> [Task statement]: An exact copy of the entries is required, with every image omitted.

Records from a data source
____________
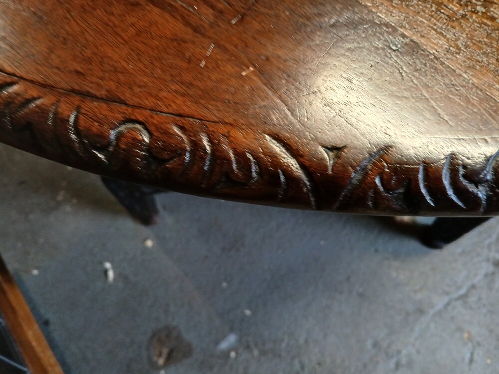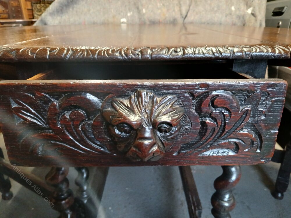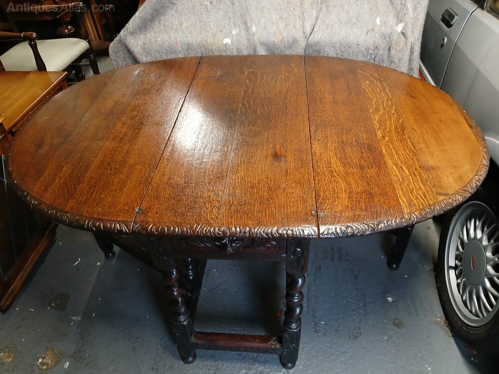 A very nice 18th Century Carved Oak Drop Leaf Table with loads of original Carving. Very well made even the drawer has handcut Dovetails and an oak base. In excellent condition. Lovely detail on this table as seen in the images. Complete with draw.
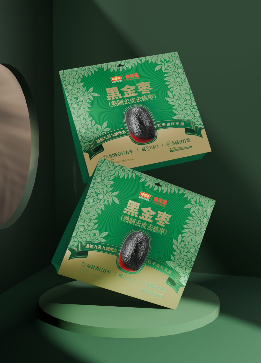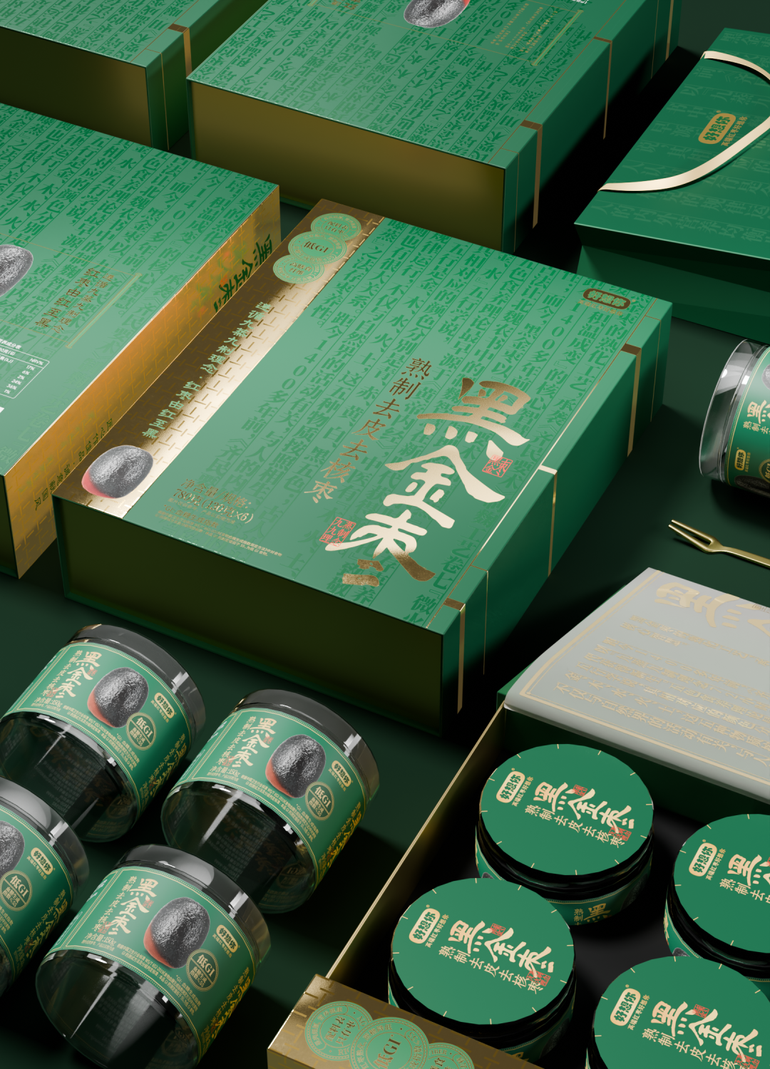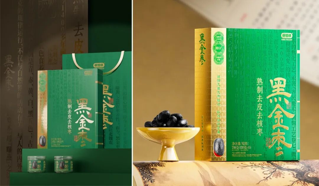 新罐头从 《黄帝内经》五色养生哲学中汲取灵感,确立 “黑入肾经,主补精力” 为核心视觉沟通元。并在设计上,规避了传统红枣的喜庆、民俗感,以库金色与荷叶绿为主色调,塑造低调、具有文化厚重感与现代高级感的视觉体系,支撑高端溢价感。
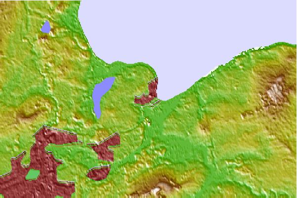 Use this relief map to navigate to tide stations, surf breaks and cities that are in the area of Travemunde.
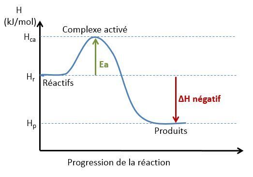 L’énergie est avec les produits ou avec les réactifs lors d’une réaction exothermique?
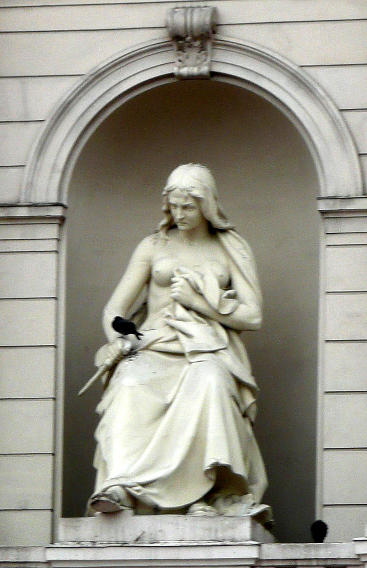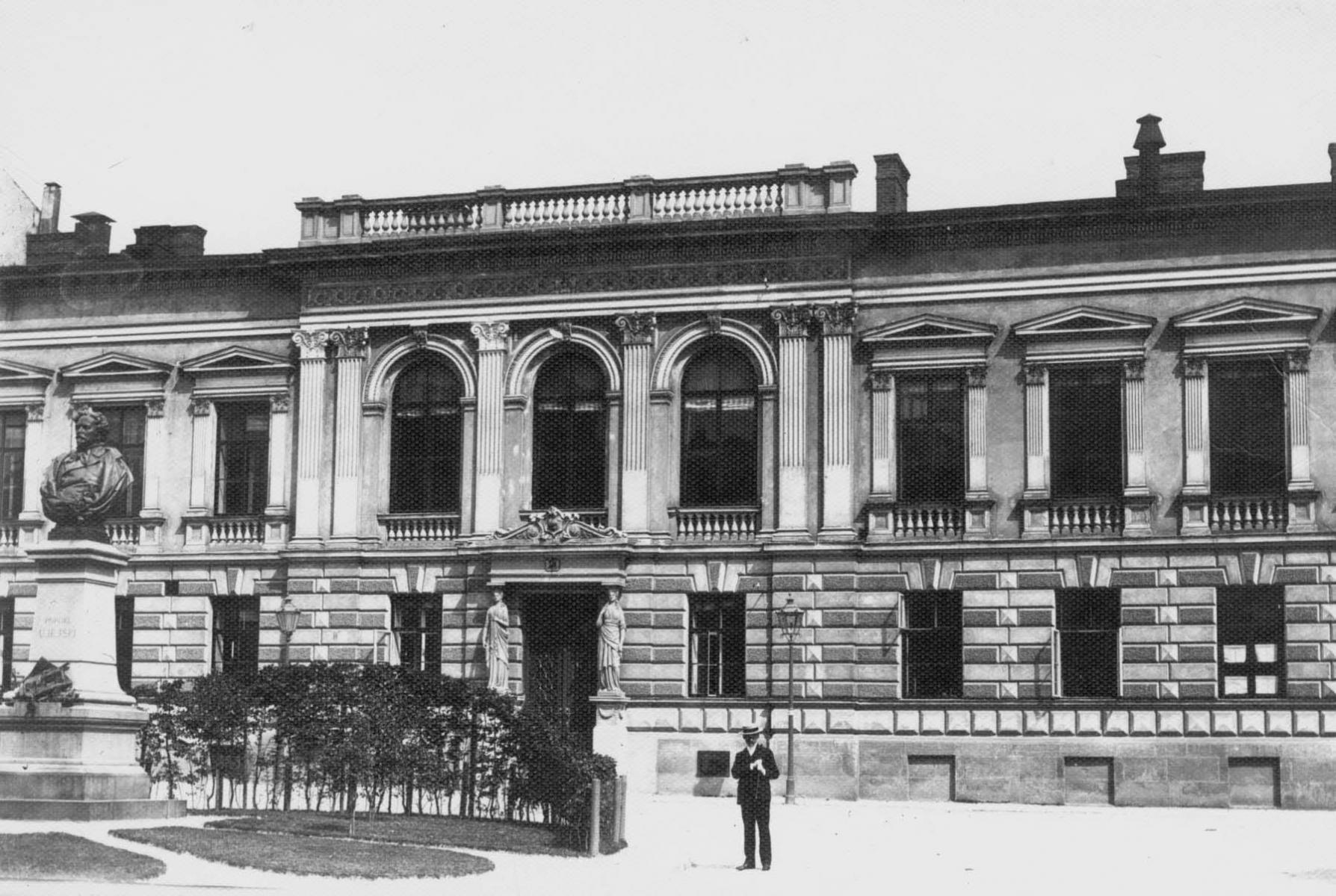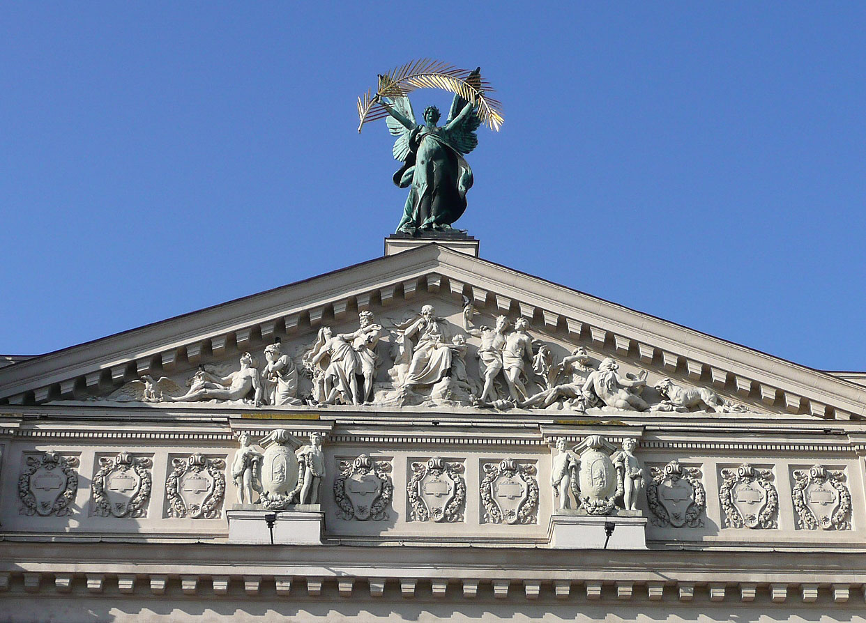 Фриз фасаду двічі розривається парними постатями муз, які вирізьбили з пісковику скульптори: Юліан Марковський (Полігімнія); Тадеуш Вишневецький (Ерато та Каліопа); Юліуш Белтовський (Терпсихора), Тадеуш Баронч (Мельпомена й Талія), Антоній Попель (Евтерпа).
____________
> [Expected output]:
 A very nice 18th Century Carved Oak Drop Leaf Table with loads of original Carving. Very well made even the drawer has handcut Dovetails and an oak base. In excellent condition. Lovely detail on this table as seen in the images. Complete with draw.
 新罐头从 《黄帝内经》五色养生哲学中汲取灵感,确立 “黑入肾经,主补精力” 为核心视觉沟通元。并在设计上,规避了传统红枣的喜庆、民俗感,以库金色与荷叶绿为主色调,塑造低调、具有文化厚重感与现代高级感的视觉体系,支撑高端溢价感。
 Use this relief map to navigate to tide stations, surf breaks and cities that are in the area of Travemunde.
 L’énergie est avec les produits ou avec les réactifs lors d’une réaction exothermique?
 Фриз фасаду двічі розривається парними постатями муз, які вирізьбили з пісковику скульптори: Юліан Марковський (Полігімнія); Тадеуш Вишневецький (Ерато та Каліопа); Юліуш Белтовський (Терпсихора), Тадеуш Баронч (Мельпомена й Талія), Антоній Попель (Евтерпа).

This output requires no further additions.